The course of the war itself held few surprises.  The U.S. Navy struck first at Manila, the Philippines, in the morning of May 1;  the outgunned Spanish fleet surrendered six hours later.   By the second week of June the U.S. Marines were in Cuba;  by mid-July Spanish forces in Cuba had surrendered.  See the Library of Congress' detailed chronology of the war.   

The Treaty of Paris, 1898

In its declaration of war the U.S. government specifically renounced any intention of annexing Cuba;  no such guarantees were given for Guam, the Philippines and Puerto Rico, however.  Not surprisingly, these territories were taken from Spain and added to America's newly created offshore empire.  (During the general mood of imperialistic zeal, McKinley and the Congress had annexed Hawaii and Wake Island as well.) 

The Ironies of Empire

This was not the first time that the United States had dramatically expanded its territories. Neither was this the first time that it had done so by war with another nation (Mexico, 1846-48).  That this expansion required the violent subjugation of nonwhites (in this case Filipinos, but for much of the same century, Native Americans) was hardly new, either.  

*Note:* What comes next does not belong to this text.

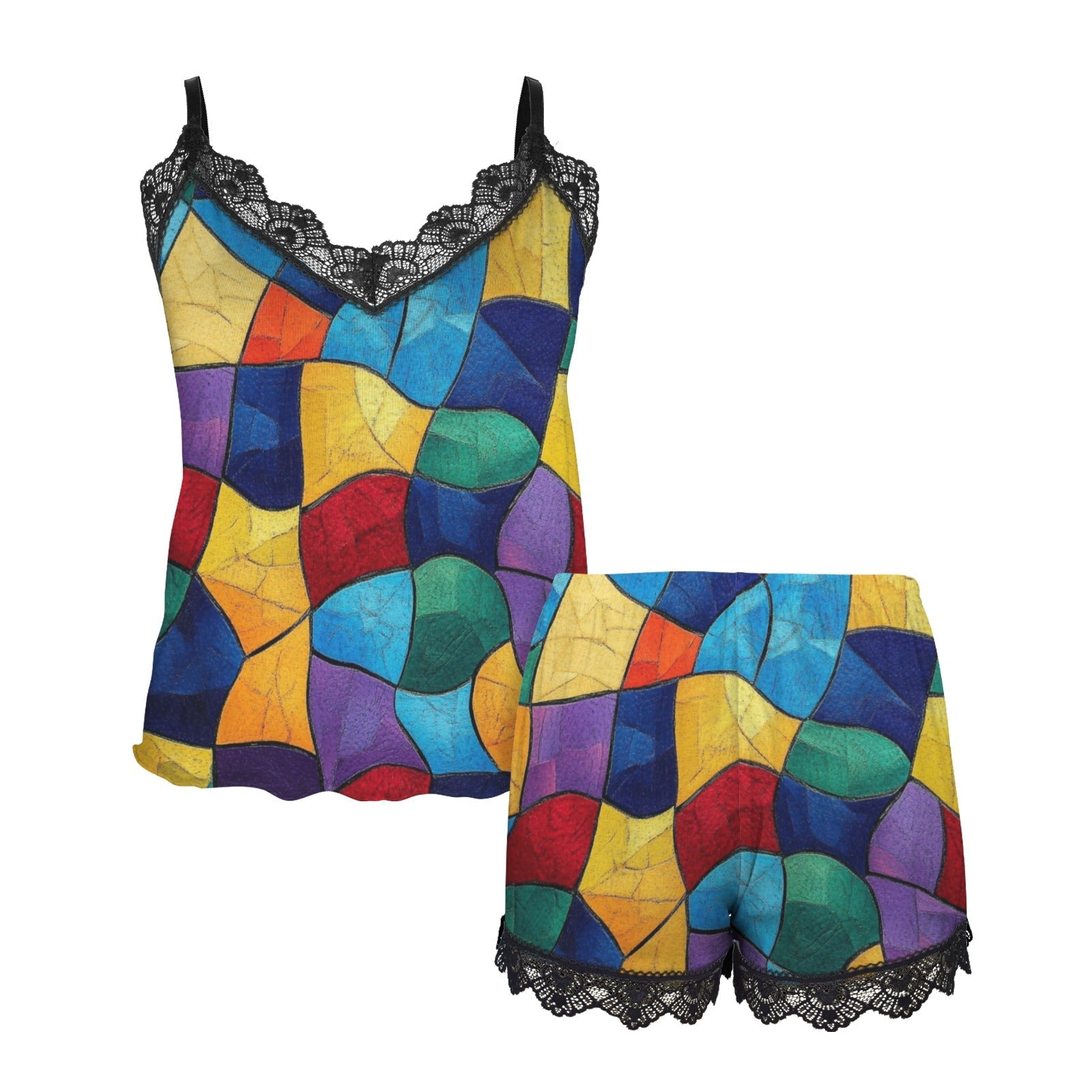 Luce un look de pijama favorecedor con la camisola y los shorts de encaje. 😴🌈 Patrones de dibujos de vidrieras de colores. 100% poliéster, suave y ligero. ¡Perfecto para dormir y relajarse en casa con elegancia!

Nevertheless, ironies of empire abounded for this self-styled democratic republic.   Many of these ironies were scathingly noted by American anti-imperialist Mark Twain in his writings.  Critics pointed out the irony of fighting to free Cubans from Spanish colonial rule then fighting the Filipino War (1900-1902) to retain colonial dominion over a captive people.  Perhaps the greatest irony of all lay in the disappointment to the business community when China proved not to be a market for American goods.   Despite America's struggle to maintain access to China (see the textbook's assessment of the "Open Door" policy), China did not turn out to be America's economic salvation. In fact, many Chinese deeply resented the liberties taken with their sovereignty, a resentment that erupted in the so-called Boxer Rebellion.  Finally, in "the Insular Cases" the Supreme Court ruled, ironically, that the Bill of Rights did not follow the flag and thus did not apply to the newly-held colonial peoples of the Caribbean and the Pacific.  

The war and annexations were not the cause of America’s arrival as a world power; for better and worse, they were merely the announcements.